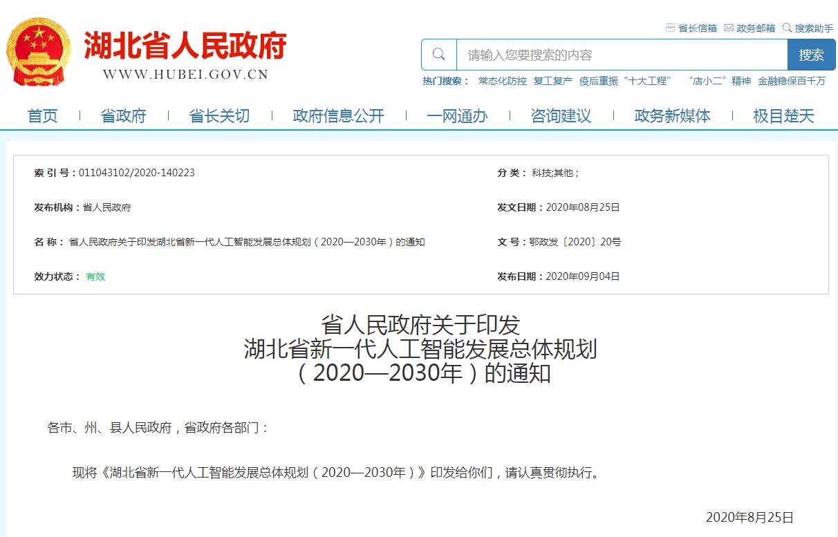 湖北省人民政府网站截图《规划》提出了“三步走”发展目标:初期目标到2022年,实施100个以上人工智能应用示范项目,形成10家以上国内有影响力的人工智能企业,人工智能核心产业规模超过200亿元,带动相关产业规模达到1500亿元;到中期2025年,人工智能创新发展生态体系渐趋完善,人工智能总体技术与产业发展水平全国领先,人工智能核心产业规模超过600亿元,带动相关产业规模达到6000亿元;到2030年,构建成熟的人工智能发展环境,形成关键技术领先、特色应用引领、软件硬件均衡发展的产业体系,人工智能核心产业规模达到1800亿元,带动相关产业规模达1.2万亿元,形成50家以上国内有影响力的人工智能企业。
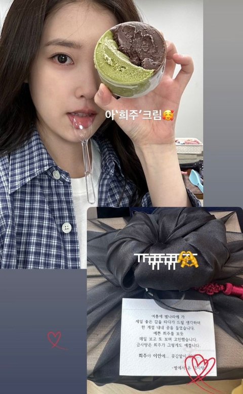 사진 속 아이유는 아이스크림을 들고 귀여운 포즈를 취하고 있다.
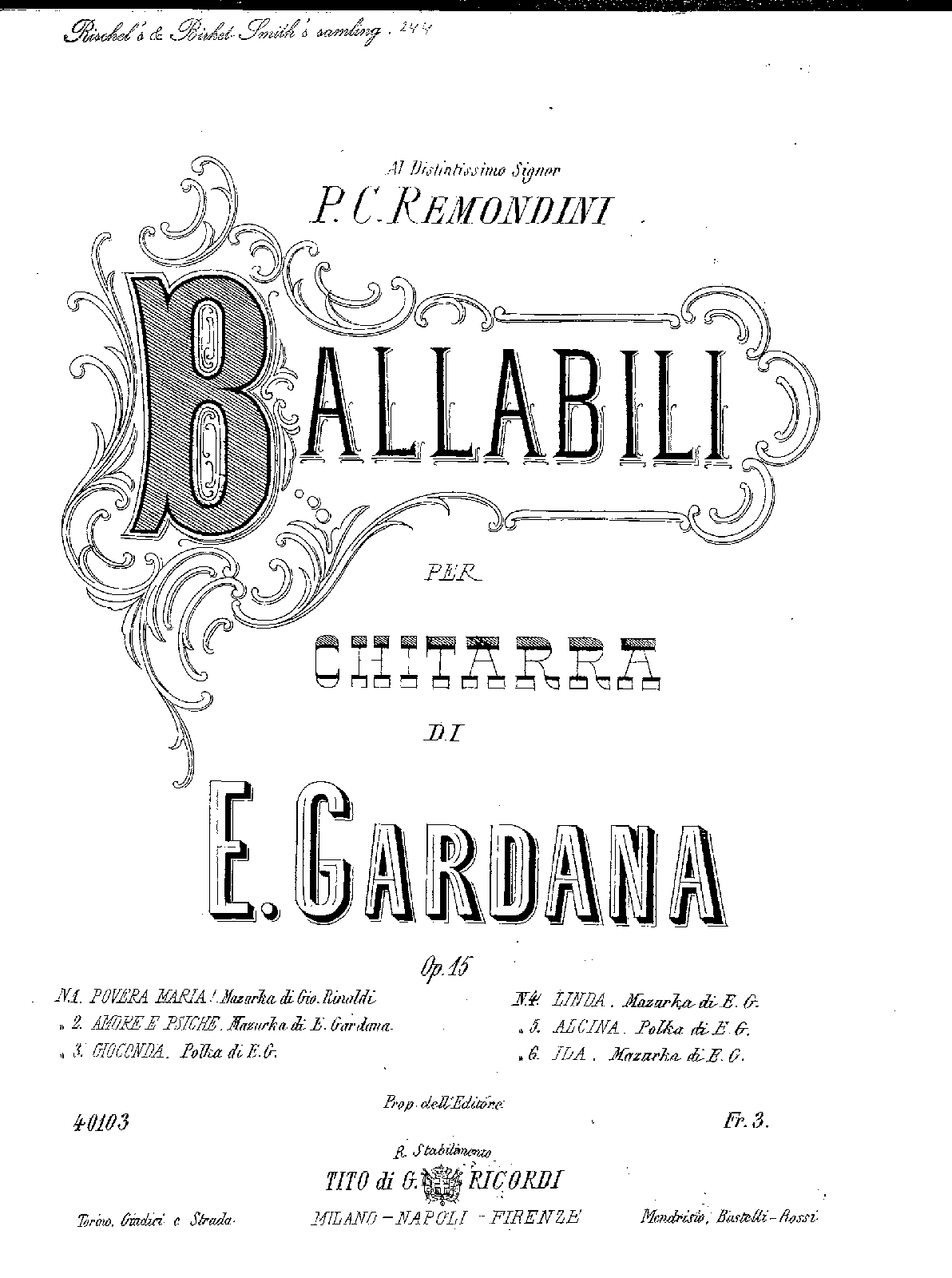 | Dedication | Al Distintissimo Signor P. C. Remondini (possibly Pier Constantino Remondini, 1830-1893...) |

* WHAT IS BEING ASKED: Put each line of the listing above into the copy exactly, dropping the pictures.

* ANSWER SPACE:
 湖北省人民政府网站截图《规划》提出了“三步走”发展目标:初期目标到2022年,实施100个以上人工智能应用示范项目,形成10家以上国内有影响力的人工智能企业,人工智能核心产业规模超过200亿元,带动相关产业规模达到1500亿元;到中期2025年,人工智能创新发展生态体系渐趋完善,人工智能总体技术与产业发展水平全国领先,人工智能核心产业规模超过600亿元,带动相关产业规模达到6000亿元;到2030年,构建成熟的人工智能发展环境,形成关键技术领先、特色应用引领、软件硬件均衡发展的产业体系,人工智能核心产业规模达到1800亿元,带动相关产业规模达1.2万亿元,形成50家以上国内有影响力的人工智能企业。
 사진 속 아이유는 아이스크림을 들고 귀여운 포즈를 취하고 있다.
 | Dedication | Al Distintissimo Signor P. C. Remondini (possibly Pier Constantino Remondini, 1830-1893...) |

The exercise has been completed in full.